Task brief:
Exactly the lines from the one with "The industrial staircase" through the end of the records below are needed, minus any pictures.

Start of Block

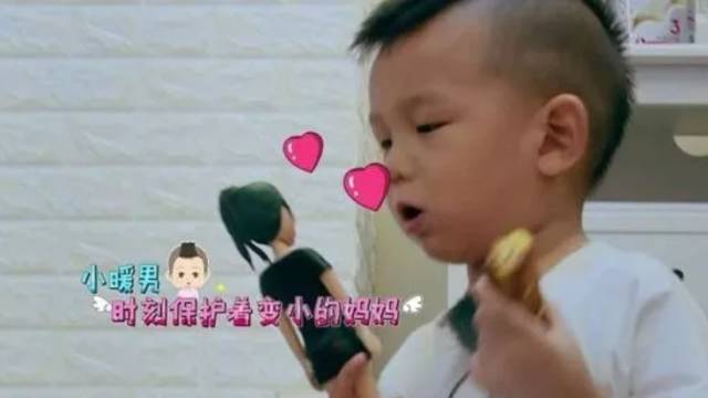有一期节目是妈妈们假装变成了玩偶,七宝没有哭闹,而是两手紧紧地抱着布偶,念叨着“不能把妈妈摔倒了”,还带“妈妈”去吃好吃的。
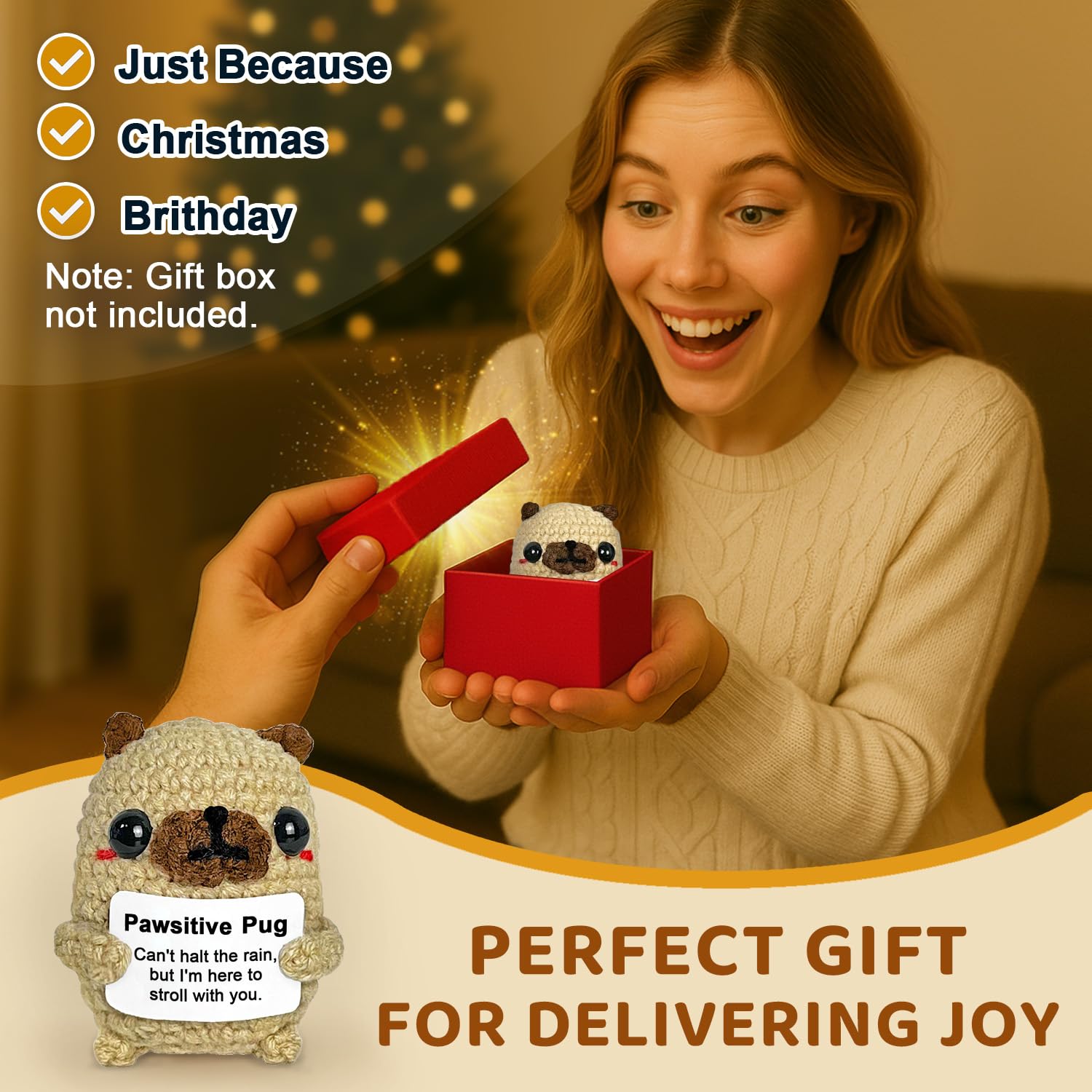 Cozy Pug Decor for Any Space: Beyond being a pick me up gift, this knitted puppy makes a charming addition to any home or office decor, bringing warmth and a reminder of love and help to any setting
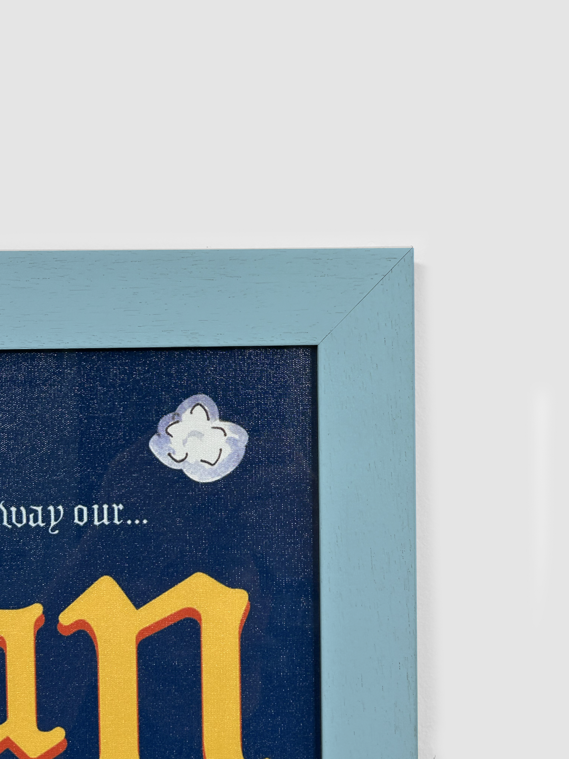 Iron Man canvas poster circa 2006, under glass in a chunky lifeguard tower inspired frame complete with stencil.
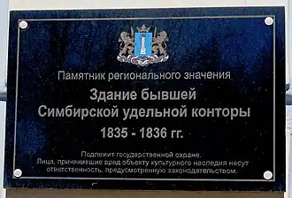 Бывшее здание Присутственных мест, ныне Ульяновская государственная сельскохозяйственная академия.- Мемориальная доска на здании колледжа.
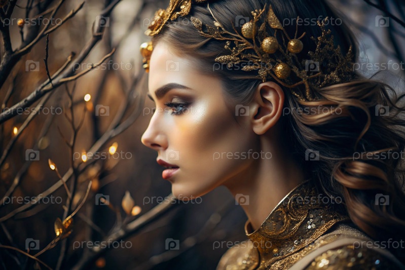 Творческий баннер для салона красоты в черно-золотом цвете. Красивая женщина, окруженная лесом с макияжем и волосами. Золотые ветви дерева в волосах. Индустрия красоты
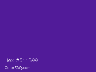 Hex #511b99 Color is a normal violet color and the nearest color is Daisy Bush #4f2398. Hex code #511b99 and RGB value is rgb(81,27,153). In RGB color space, this color is composed of 32% red, 11% green, 60% blue, In CMYK color space, this color is composed of 47% cyan, 82% magenta, 0% yellow , 40% black , In HSL color space, this color has a hue angle of 266° , 70% saturation and 35% lightness.
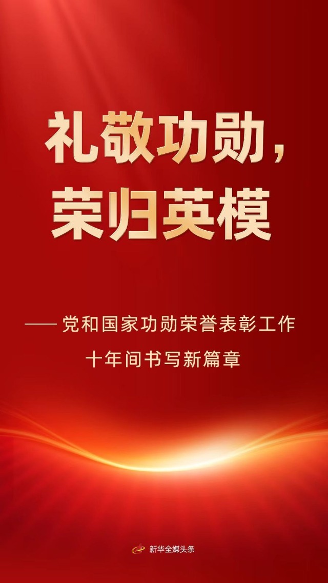 在以習近平同志為核心的黨中央堅強領導下,不斷豐富的制度設計和頒授實踐,推動功勛榮譽表彰充分發揮精神引領、典型示范作用,激勵全黨全社會見賢思齊、崇尚英雄、爭做先鋒,為以中國式現代化全面推進強國建設、民族復興偉業匯聚澎湃力量。
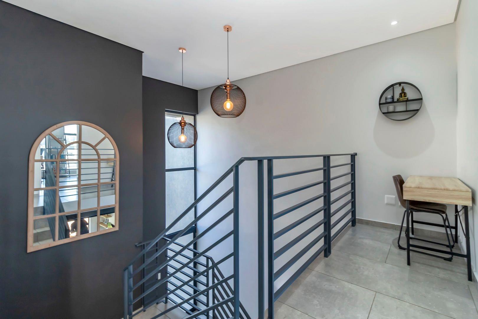 The industrial staircase leads to the first floor with a small landing utilised as a study nook. Light sunning first bedroom, second bedroom with a walk in dressing room both have the use of a well appointed full bathroom. The master bedroom includes fabulous cupboard space, large modern full bathroom with double vanity and a peaceful north facing bedroom where the large trees creates a lovely picture.
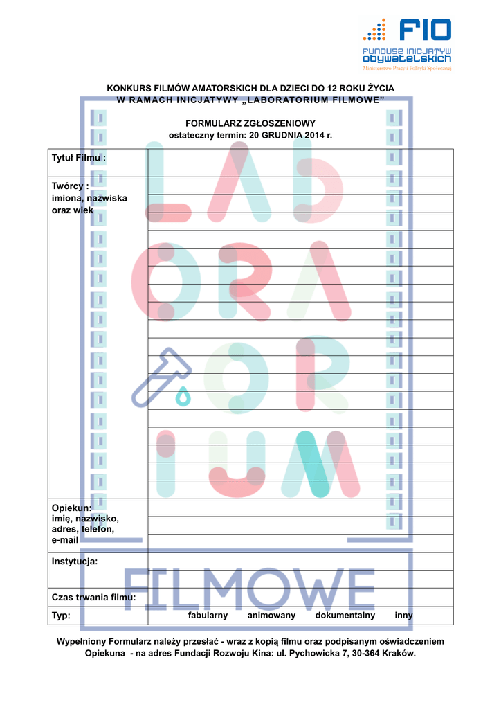 KONKURS FILMÓW AMATORSKICH DLA DZIECI DO 12 ROKU ŻYCIA W R AM AC H INICJ ATY WY „L ABOR ATORIUM FILMOWE” FORMULARZ ZGŁOSZENIOWY ostateczny termin: 20 GRUDNIA 2014 r. Tytuł Filmu : Twórcy : imiona, nazwiska oraz wiek Opiekun: imię, nazwisko, adres, telefon, e-mail Instytucja: Czas trwania filmu: Typ: fabularny animowany dokumentalny inny Wypełniony Formularz należy przesłać - wraz z kopią filmu oraz podpisanym oświadczeniem Opiekuna - na adres Fundacji Rozwoju Kina: ul. Pychowicka 7, 30-364 Kraków.
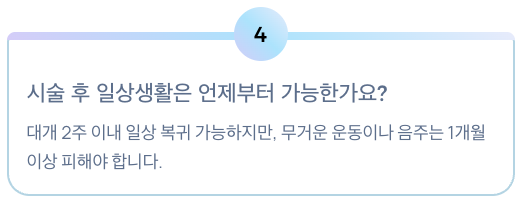 A. 대개 2주 이내 일상 복귀 가능하지만, 무거운 운동이나 음주는 1개월 이상 피해야 합니다.
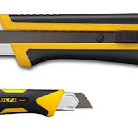 OLFA XH-AL - 25mm-es standard kés / sniccer. Az X Design sorozat extra igénybevételre tervezett automata pengerögzítésű tagja. Üvegszállal erősített markolattal.
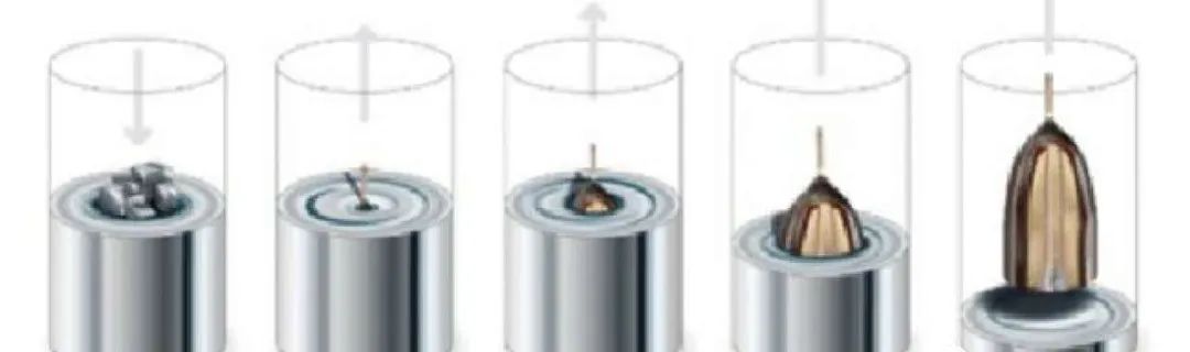 当硅熔浆的温度稳定后,将晶种慢慢下降进入硅熔融体中(晶种在硅熔融体内也会被熔化),随后将具有一定转速的晶种按照一定的速度向上提升,最后生产出合格的硅晶柱。硅晶柱质量的关键在于硅的纯度和硅的单晶性。硅晶柱直径越大,则硅的单晶性越难掌控,质量也越难保证,因此直径越大的硅晶柱制程的技术门槛也越高。长晶生成硅晶柱的制造过程主要包括润晶、缩颈、放肩、等径生长、收尾等复杂的工艺流程。(见图)
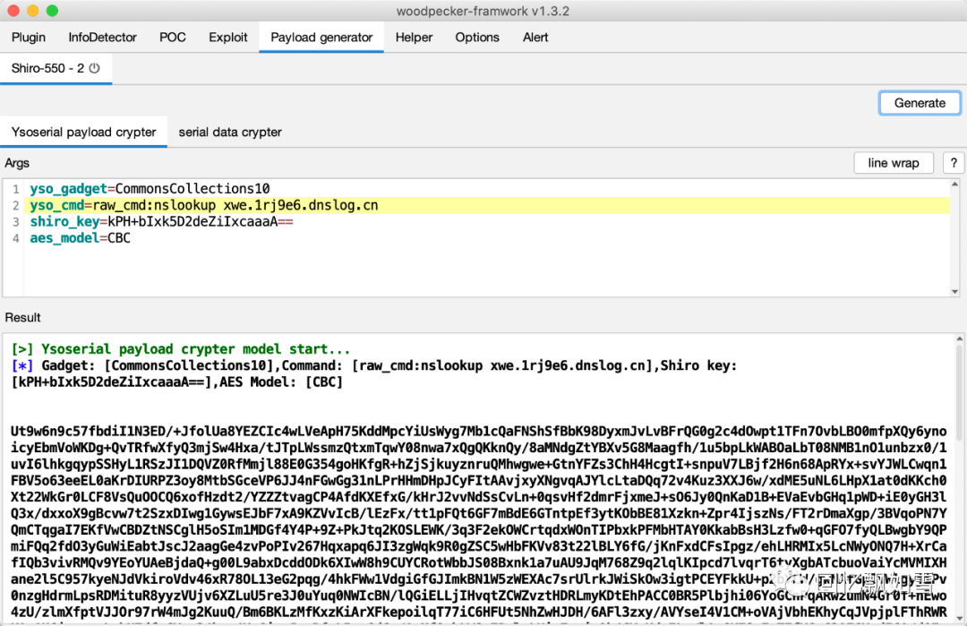 荷载生成模块的任务是帮助红队人员快速生成自定义payload。 自动化并不能解决所有问题,当遇到奇葩环境时就需要人工介入。比如当shiro漏洞遇到未知中间件时,可能无法回显也无法注入内存马,这时就需要人工构造payload了。但是每次都要先生成序列化数据,设置key,选择加密模式,非常浪费时间。而woodpecker shiro漏洞插件的荷载生成模块可以一键生成。
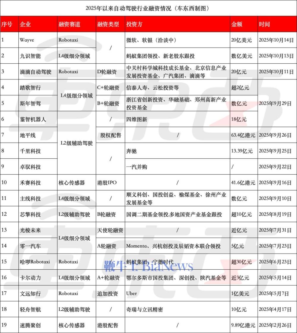 车东西10月14日消息,近一个月,自动驾驶行业密集诞生11起融资,融资总额超过了292亿元,而今年以来,该行业融资事件总数已跃升至19起,融资总额已经超过367亿元。资本市场正用真金白银,为自动驾驶的商业化前景坚定地投下信任票,与前三年的资本寒冬形成鲜明对比,自动驾驶行业在2025年实现爆发。
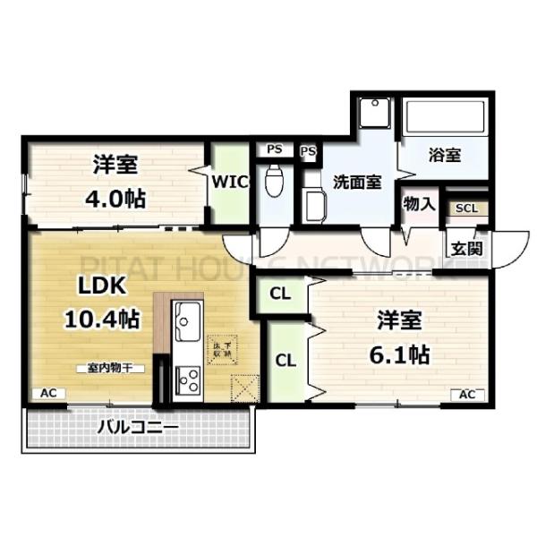 賃料: 5.8万円 〜 6.1万円

End of Block

Completed task:
 The industrial staircase leads to the first floor with a small landing utilised as a study nook. Light sunning first bedroom, second bedroom with a walk in dressing room both have the use of a well appointed full bathroom. The master bedroom includes fabulous cupboard space, large modern full bathroom with double vanity and a peaceful north facing bedroom where the large trees creates a lovely picture.
 KONKURS FILMÓW AMATORSKICH DLA DZIECI DO 12 ROKU ŻYCIA W R AM AC H INICJ ATY WY „L ABOR ATORIUM FILMOWE” FORMULARZ ZGŁOSZENIOWY ostateczny termin: 20 GRUDNIA 2014 r. Tytuł Filmu : Twórcy : imiona, nazwiska oraz wiek Opiekun: imię, nazwisko, adres, telefon, e-mail Instytucja: Czas trwania filmu: Typ: fabularny animowany dokumentalny inny Wypełniony Formularz należy przesłać - wraz z kopią filmu oraz podpisanym oświadczeniem Opiekuna - na adres Fundacji Rozwoju Kina: ul. Pychowicka 7, 30-364 Kraków.
 A. 대개 2주 이내 일상 복귀 가능하지만, 무거운 운동이나 음주는 1개월 이상 피해야 합니다.
 OLFA XH-AL - 25mm-es standard kés / sniccer. Az X Design sorozat extra igénybevételre tervezett automata pengerögzítésű tagja. Üvegszállal erősített markolattal.
 当硅熔浆的温度稳定后,将晶种慢慢下降进入硅熔融体中(晶种在硅熔融体内也会被熔化),随后将具有一定转速的晶种按照一定的速度向上提升,最后生产出合格的硅晶柱。硅晶柱质量的关键在于硅的纯度和硅的单晶性。硅晶柱直径越大,则硅的单晶性越难掌控,质量也越难保证,因此直径越大的硅晶柱制程的技术门槛也越高。长晶生成硅晶柱的制造过程主要包括润晶、缩颈、放肩、等径生长、收尾等复杂的工艺流程。(见图)
 荷载生成模块的任务是帮助红队人员快速生成自定义payload。 自动化并不能解决所有问题,当遇到奇葩环境时就需要人工介入。比如当shiro漏洞遇到未知中间件时,可能无法回显也无法注入内存马,这时就需要人工构造payload了。但是每次都要先生成序列化数据,设置key,选择加密模式,非常浪费时间。而woodpecker shiro漏洞插件的荷载生成模块可以一键生成。
 车东西10月14日消息,近一个月,自动驾驶行业密集诞生11起融资,融资总额超过了292亿元,而今年以来,该行业融资事件总数已跃升至19起,融资总额已经超过367亿元。资本市场正用真金白银,为自动驾驶的商业化前景坚定地投下信任票,与前三年的资本寒冬形成鲜明对比,自动驾驶行业在2025年实现爆发。
 賃料: 5.8万円 〜 6.1万円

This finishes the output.